_What the exercise asks_.
Below are some records. Retype exactly the lines from the one containing "The scene captures" through the one containing "The unit is", both included, skipping every picture.

_Stored records_.
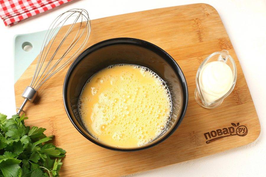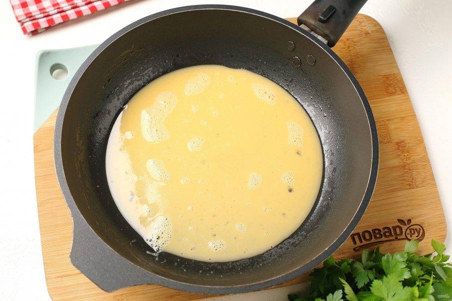 Сковороду смажьте маслом, убавьте огонь до минимума и вылейте половину порции взбитых яиц.
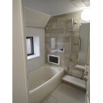 以前浴室の隣のトイレだった場所を洗面脱衣室に間取り変更することで、水回りが快適になりました。浴室は、お掃除ラクラク機能がいっぱいのひろがるWYシリーズをお選びいただきました。鮮やかな発色で、彩り豊かなハイビジョン画質の浴室テレビで、ゆったりと快適なバスタイムを。
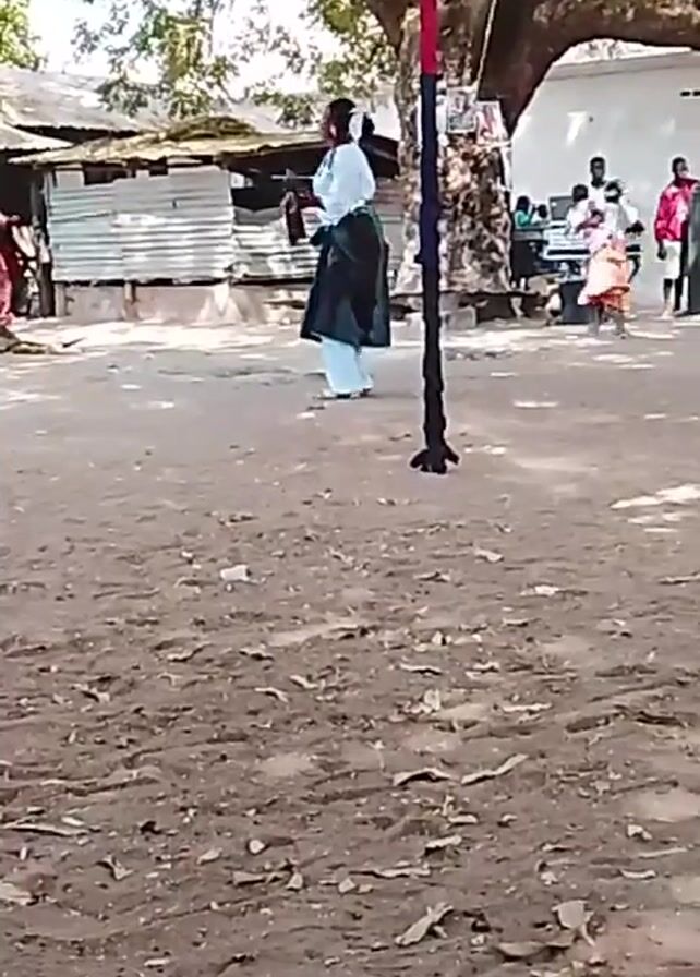 The scene captures an outdoor gathering under the partial shade of a tree and a white canopy. A woman stands at the center of the frame, clad in a white top, dark green skirt, and light blue trousers, holding what appears to be a microphone. Several other individuals are scattered in the background. To the left, there is a tin structure, while a table with equipment, possibly for music or sound, sits on the right. The ground is bare earth, covered with dried leaves and debris.
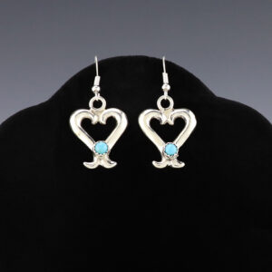 Beautiful heart earrings hand made out of sterling silver. Hand made by Navajo silversmith Jennie Blackgoat. These fabulous earrings will become a versatile accessory in your jewelry collection. Weighs 8 grams. Signed 1 1/4″ x 1 1/4″ 1 7/8″ long (including ear wires) Artist card included The Navajos began working...
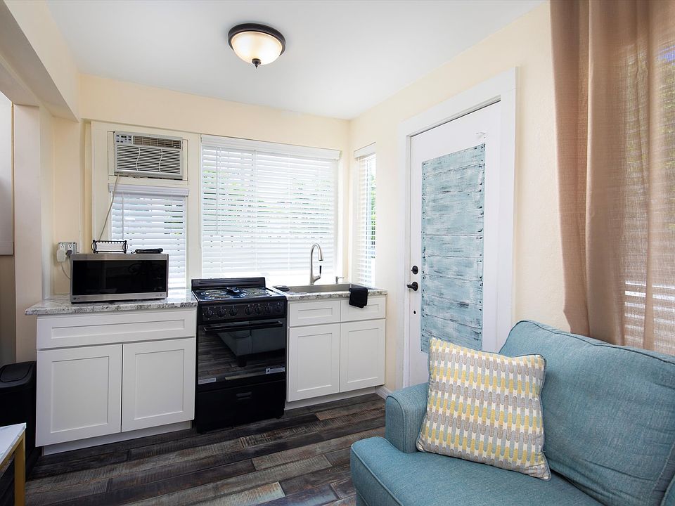 The unit is furnished and perfect for 1 person or cozy for a couple. The unit includes utilities and internet. Everything is provided for your convenience. There is a work station if you work remotely. A small living area and kitchen, bathroom and bedroom with a king.
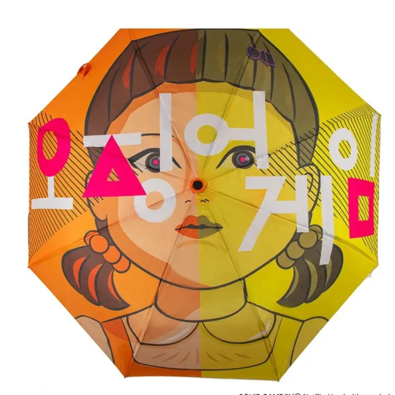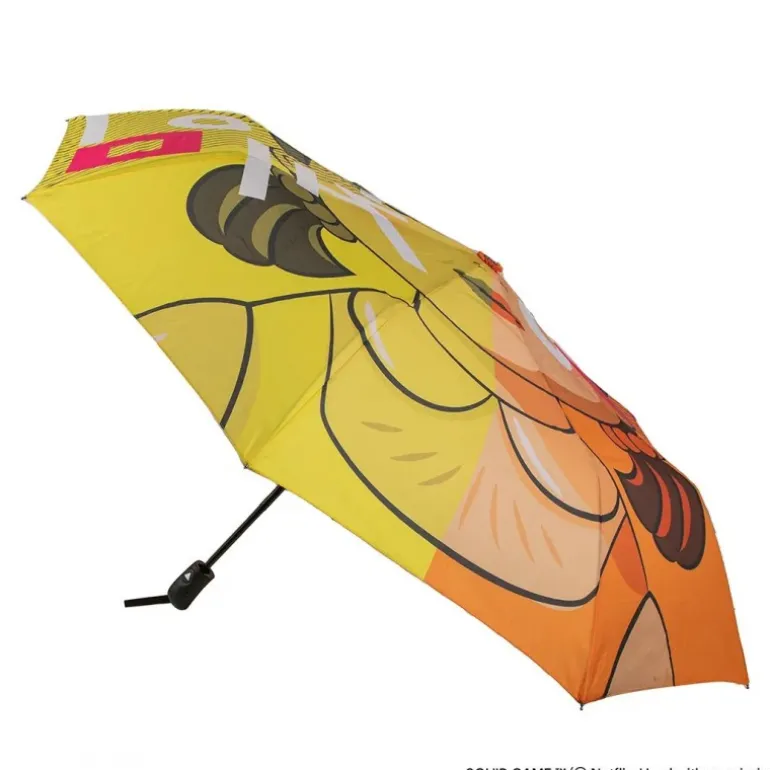 Descubre el espectacular Paraguas Young-Hee inspirado en la icónica serie Squid Game. Este paraguas, con medidas compactas de 32cm x 5,8cm x 5,8cm, es perfecto para llevar contigo a todas partes. Presenta un diseño vibrante en tonos amarillos y naranjas, destacando la figura de Young-Hee, el inquietante muñeco que seguro reconocerás. Además, las frases «Red Light, Green Light» añaden un toque auténtico al conjunto. Fabricado con materiales de alta calidad, ofrece durabilidad y protección en los días lluviosos. Disfruta de un artículo de colección único que no solo es funcional, sino que también es un verdadero homenaje a la serie que ha capturado la imaginación de millones. Ideal para apasionados de El Juego del Calamar que buscan algo más que un simple paraguas.

_Exercise answer_.
 The scene captures an outdoor gathering under the partial shade of a tree and a white canopy. A woman stands at the center of the frame, clad in a white top, dark green skirt, and light blue trousers, holding what appears to be a microphone. Several other individuals are scattered in the background. To the left, there is a tin structure, while a table with equipment, possibly for music or sound, sits on the right. The ground is bare earth, covered with dried leaves and debris.
 Beautiful heart earrings hand made out of sterling silver. Hand made by Navajo silversmith Jennie Blackgoat. These fabulous earrings will become a versatile accessory in your jewelry collection. Weighs 8 grams. Signed 1 1/4″ x 1 1/4″ 1 7/8″ long (including ear wires) Artist card included The Navajos began working...
 The unit is furnished and perfect for 1 person or cozy for a couple. The unit includes utilities and internet. Everything is provided for your convenience. There is a work station if you work remotely. A small living area and kitchen, bathroom and bedroom with a king.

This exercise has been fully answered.